Arizona GOP asks court to strike down vote-by-mail system 

According to a report by The Associated Press, Arizona’s Republican Party is asking the state’s Supreme Court to strike down the vote-by-mail system that is currently used by 90 percent of registered voters.

The state party filed a lawsuit on Friday in which members argued that absentee voting is unconstitutional, as they asked the justices to throw out the “no-excuse” absentee ballot system that was introduced in 1991.

“In-person voting at the polls on a fixed date (election day) is the only constitutional manner of voting in Arizona,” wrote attorneys for the state’s Republican Party in a petition to the Supreme Court.
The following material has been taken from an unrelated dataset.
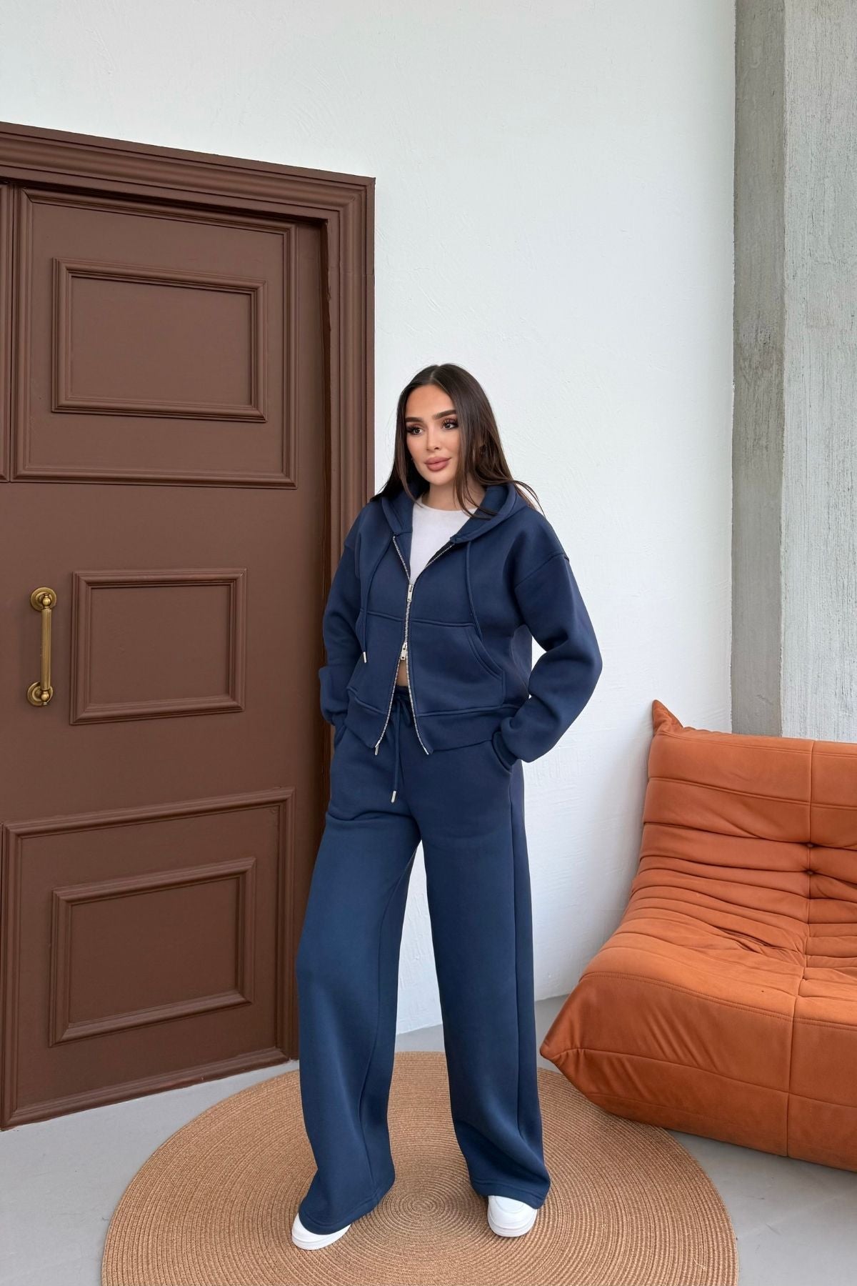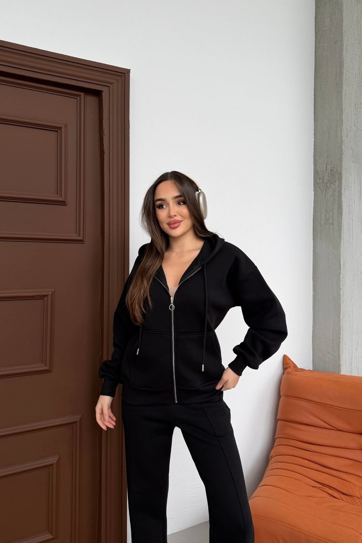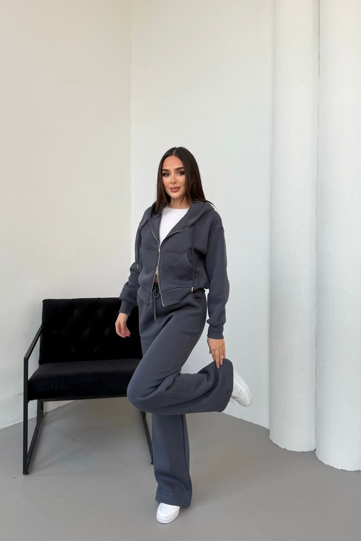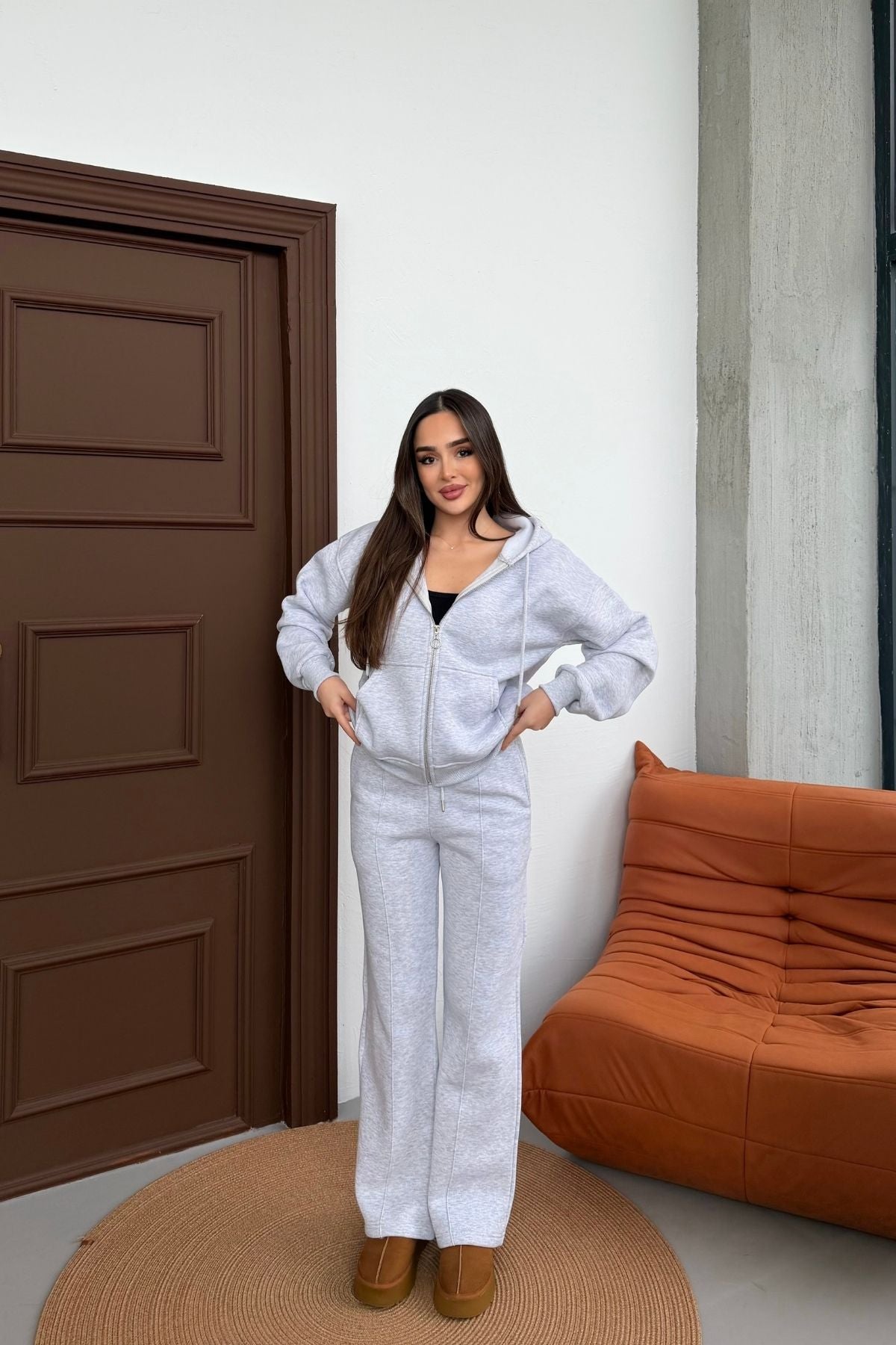 İçi Polar Rahat Kesim Kapüşonlu Fermuarlı Eşofman Takımı

The suit added reference to a provision in the Arizona constitution that says, “electors may express at the polls their approval or disproval of (a) measure,” arguing that “at the polls” indicates votes are required to be cast in person.

But Arizona Democrats are pushing back, saying the GOP’s lawsuit attacks a secure and relatively popular way of voting for residents. “I look forward to once again defending the voters of Arizona and defeating this ridiculous attempt to undermine our elections,” said Arizona Secretary of State Katie Hobbs, a Democrat and a defendant in the lawsuit.

State Sen. Raquel Terán, who serves as the chairwoman of Arizona’s Democratic Party, added that the lawsuit by the opposing party is rooted in lies and conspiracy theories revolving around the 2020 presidential election. “So this is yet another attempt by the Arizona Republicans to make it harder for people to vote,” said Terán.

The state of Arizona has been at the forefront of former President Donald Trump’s election fraud claims, although a prior Republican-led audit of the election returned that President Joe Biden was indeed the victor in the state.